* **ASSIGNMENT**:
Retype the listing below line for line, but only from the line with "8月1日,2026世界杯官网" down to the line with "Press the indicators", inclusive. Pictures stay out.

* **TASK INPUTS**:
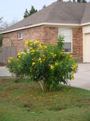 Gold Star Esperanza is a standout cultivar of the Tecoma stans, admired for its compact form and prolific bloom production. This hardy, heat-tolerant shrub thrives in Texas landscapes, especially in areas with hot summers. Known for its vibrant yellow, trumpet-shaped flowers that bloom from spring through fall, Gold Star Esperanza adds a tropical flair to gardens and is a popular choice for pollinator-friendly plantings. While not a Texas native, this cultivar is widely used for its adaptability to various landscapes and its long flowering season.
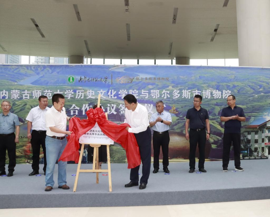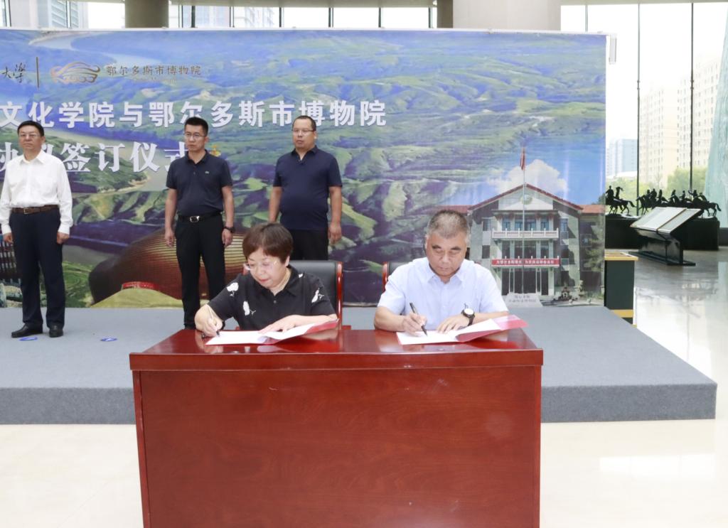 8月1日,2026世界杯官网党委书记李艳洁,特聘教授、内蒙古博物院原院长陈永志,2026世界杯官网副院长白林,考古文博系教师李鹏珍、袁刚、孟艳云,学院办公室主任永平等赴鄂尔多斯市与鄂尔多斯博物院签署了考古文博专业实践基地建设合作协议。
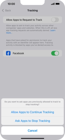 Press the indicators next to the required apps to turn tracking request for each app on or off.
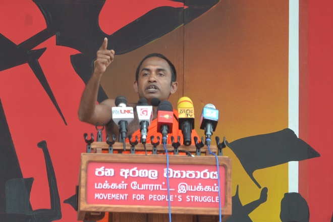 “අපි කියනවා, ආණ්ඩු මට්ටු කරන බලයක් දියවන්නාවෙන් එලියේ හදන්න ඕන. ඒක තමයි ජන අරගල ව්යාපාරයේ න්යාය පත්රය. අපි හෙටත් පෝලිම්වල ඉඳගෙන ආණ්ඩුවට දෙස් දෙවොල් තියනවද? දෙස් දෙවොල් තිය තිය හූල්ල හූල්ල හිටියොත් අපි පරාදයි. රාජ්ය, අර්ධ රාජ්ය, පෞද්ගලික, වතු කම්කරුවන් වැටුප් සටනකට ලෑස්ති වෙන්න ඕන. ගොවීන්, ධීවරයන්, ස්වයං රැකියා කරන්නන් ඇතුළු සියලු දෙනා සහන ඉල්ලන්න ඕන. මූල්ය අරමුදලේ කොන්දේසි ක්රියාත්මක කිරීමට විරුද්ධව සටන් කරන්න බලයක් ගොඩනගන්න ඕන. ඉන්දියාව, චීනය, ඇමරිකාව එක්ක අත්සන් කරන ආරක්ෂක ගිවිසුම්වල බලපෑම ඉදිරියට එනවා. ඒ නිසා ජනතාව සංවිධානය වෙන්න ඕන. මේ දිශාවට වැඩ කරන්න ඕන. මේ අරගලය තුළ තමයි ආණ්ඩුවේ ජනතා විරෝධී තීන්දු ආපස්සට හරවන්න, ජනතාව මත පීඩාකාරි මිල වැඩි කිරීම්, බදු, නීති සහ නියෝග පටවන ආණ්ඩුව මට්ටු කරන්න, පාලකයන් ගෙදර යවන්න විතරක් නෙවෙයි, ජනතාවගේ අරමුණු ඉටු කරගන්න සමත් පාලනයක් වෙනුවෙන් ජනතා බලය සංවිධානය කරන්න ‘ජන අරගල ව්යාපාරය’ තවතවත් ශක්තිමත් කරමු, ඒ වෙනුවෙන් ඒකරාශි වෙමු.”
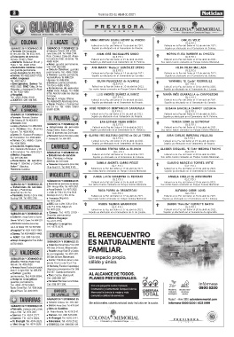 SÁBADO 24 Y DOMINGO 25 Estación de servicio de turno: Sus restos fueron cremados en Parque Colonia Memorial. Sus restos fueron cremados en Parque Colonia Memorial.

* **WRITTEN RESPONSE**:
 8月1日,2026世界杯官网党委书记李艳洁,特聘教授、内蒙古博物院原院长陈永志,2026世界杯官网副院长白林,考古文博系教师李鹏珍、袁刚、孟艳云,学院办公室主任永平等赴鄂尔多斯市与鄂尔多斯博物院签署了考古文博专业实践基地建设合作协议。
 Press the indicators next to the required apps to turn tracking request for each app on or off.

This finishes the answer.